With the SEC rules expected to roll out this year, Hodges recommended companies follow three steps to prepare: 1) Assess inventory – organize and catalog the company's sustainability activities; 2) learn and develop ways to collect and deliver sustainability data, including establishing controls; and 3) ensure responsibility for governance is in place.
- The discussion on non-GAAP disclosures remains ongoing among accountants, auditors, and regulators, with Lindsay McCord from the SEC's division of corporate finance clarifying that "recurring" expenses include costs that occur repeatedly or occasionally, even at irregular intervals.
- Lindsay McCord encouraged companies to utilize the SEC's office of the chief accountant (OCA) for help with accounting or auditing compliance matters, emphasizing that consulting the OCA doesn't imply a review of the company's financials by the SEC.
- The Financial Accounting Standards Board (FASB) is working on an environmental credit program project to establish accounting rules for environmental credit programs like carbon offsets, raising questions about whether the accounting treatment will be based on theoretical definitions or practical usage.
- The SEC's forthcoming ESG reporting standards were discussed at the conference, with an emphasis on the logistical challenges of implementing these rules, especially concerning data quality, data collection, and data controls.
- In the context of ESG reporting, data collection, often from meters, invoices, and operational databases, was identified as the most challenging part of the process for companies like Google's parent company, Alphabet.
- John Hodges, a partner in EY's climate change and sustainability practice, posed the question about the accuracy of ESG data if it will be made public, while Daniel Lim, ESG controller at Google's parent company, expressed concern about data collection, or "data ingestion."
- Hodges recommended that companies prepare for the upcoming SEC ESG reporting rules by assessing their sustainability activities, developing methods to collect and deliver sustainability data, and establishing controls.

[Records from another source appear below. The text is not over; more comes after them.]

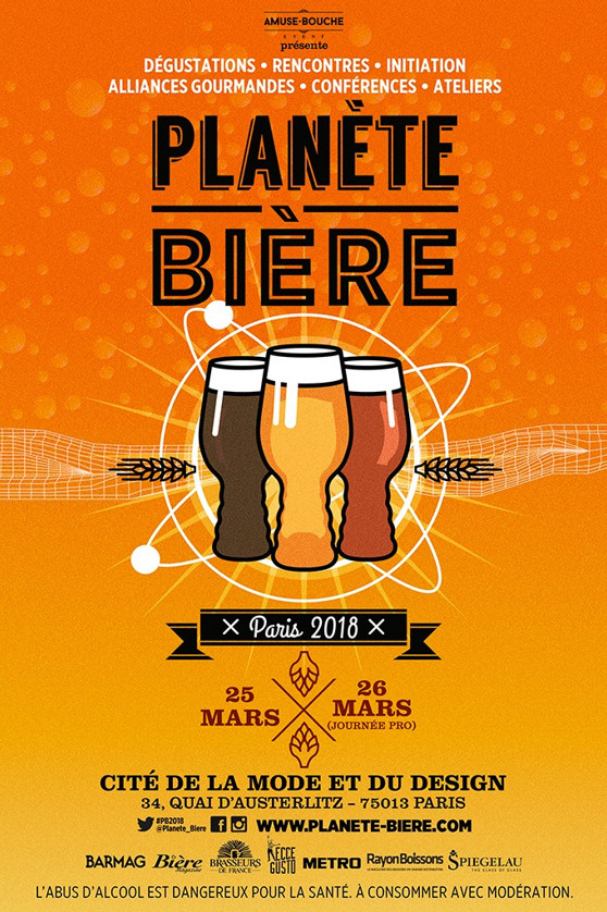 Cette année, le salon investit la Cité de la Mode et du Design (Paris XIII e ) les 25 et 26 mars 2018. Avec une centaine de marques et brasseries venues du monde entier et des conférencier(e)s de renommée internationale,Planète Bière est le premier salon de dégustation des amateurs et professionnels de la filière.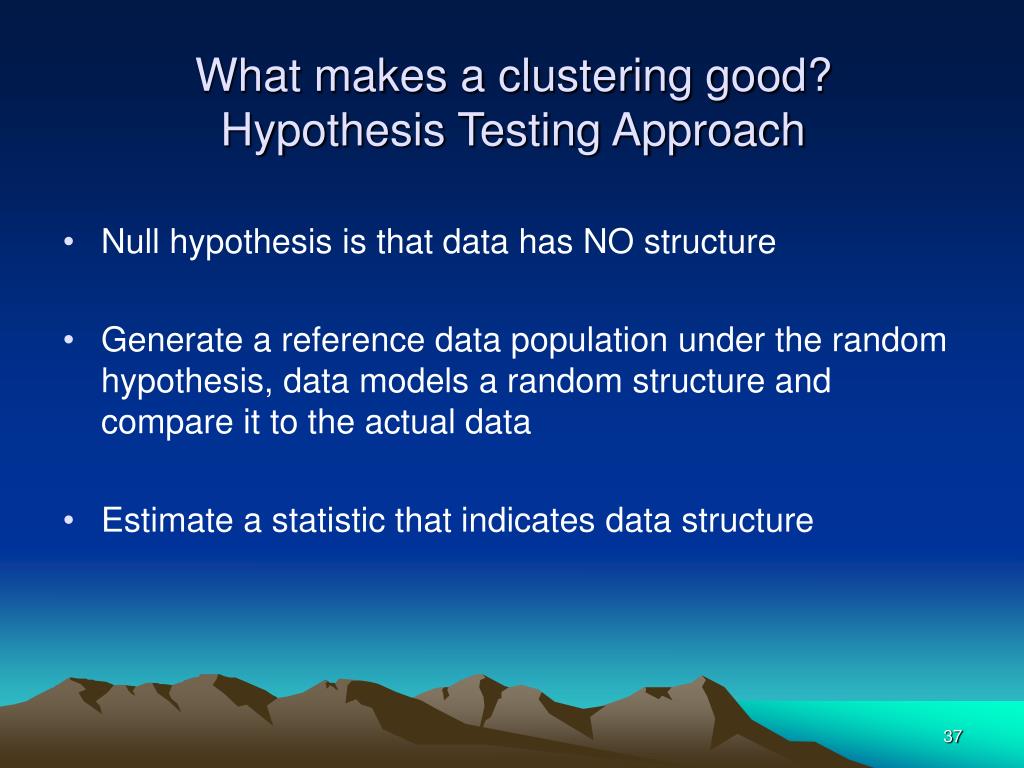 What makes a clustering good?Hypothesis Testing Approach • Null hypothesis is that data has NO structure • Generate a reference data population under the random hypothesis, data models a random structure and compare it to the actual data • Estimate a statistic that indicates data structure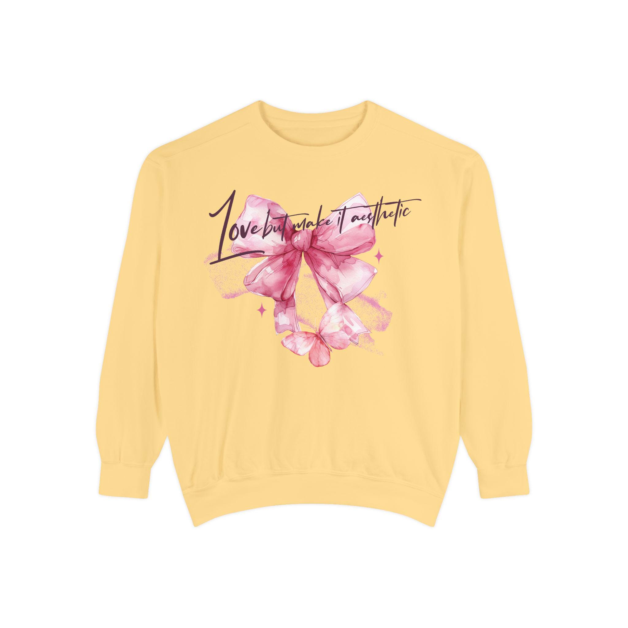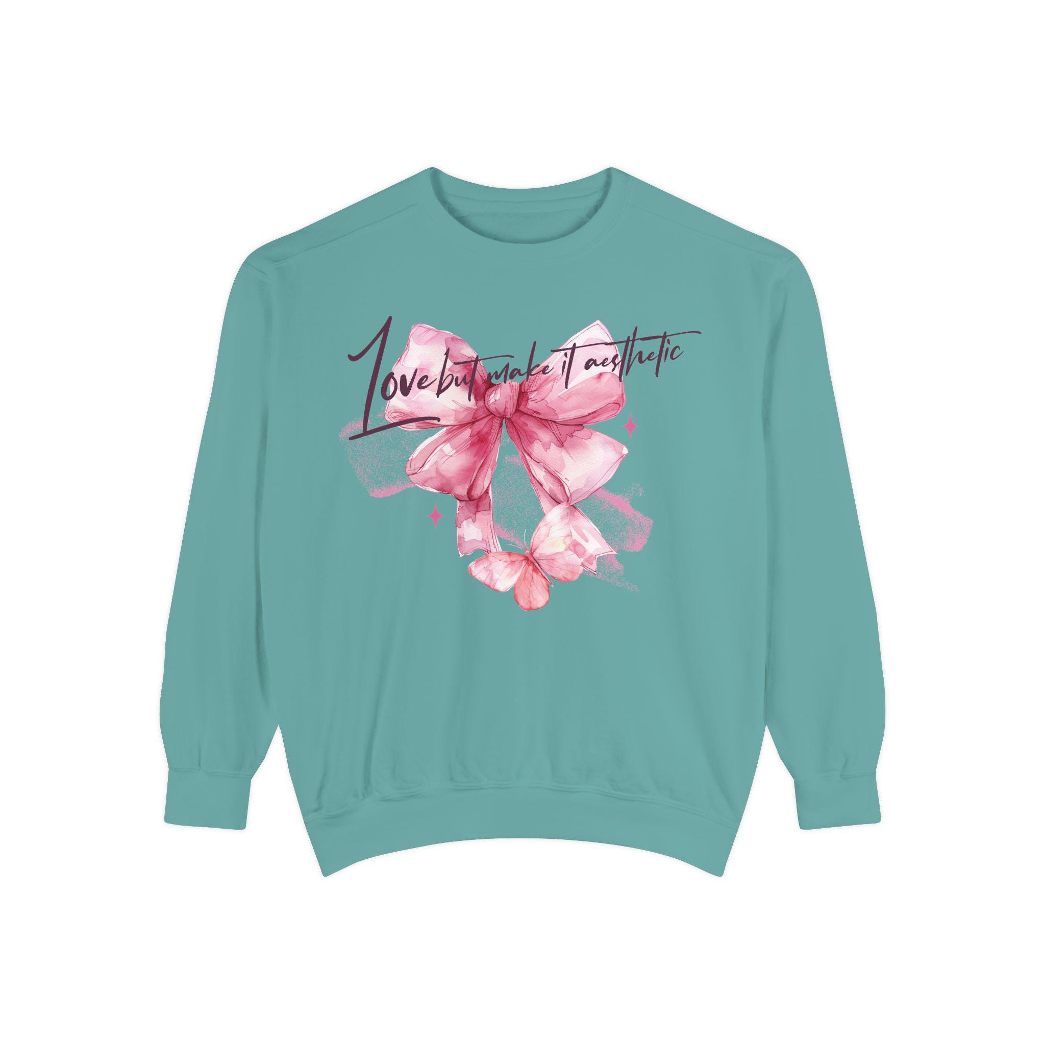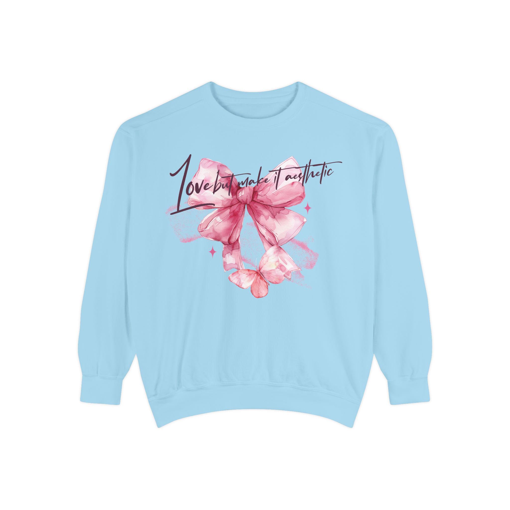 This Unisex Midweight Softstyle Fleece Crewneck Sweatshirt features Love but Make It Aesthetic design, giving off a cozy and casual vibe. Perfect for those who like to stay comfortable while expressing their love or just being Aesthetic. Great for Valentine's Day, anniversaries, or just for everyday wear.

- Underutilized resources and misconceptions about the role of the SEC's office of the chief accountant (OCA) were highlighted, with McCord expressing concerns about companies not fully utilizing the OCA for accounting and auditing compliance advice.
- The market for voluntary carbon offsets is growing, yet the authenticity and effectiveness of some of these credits have been called into question, emphasizing the need for clarity and transparency in accounting practices related to environmental credits.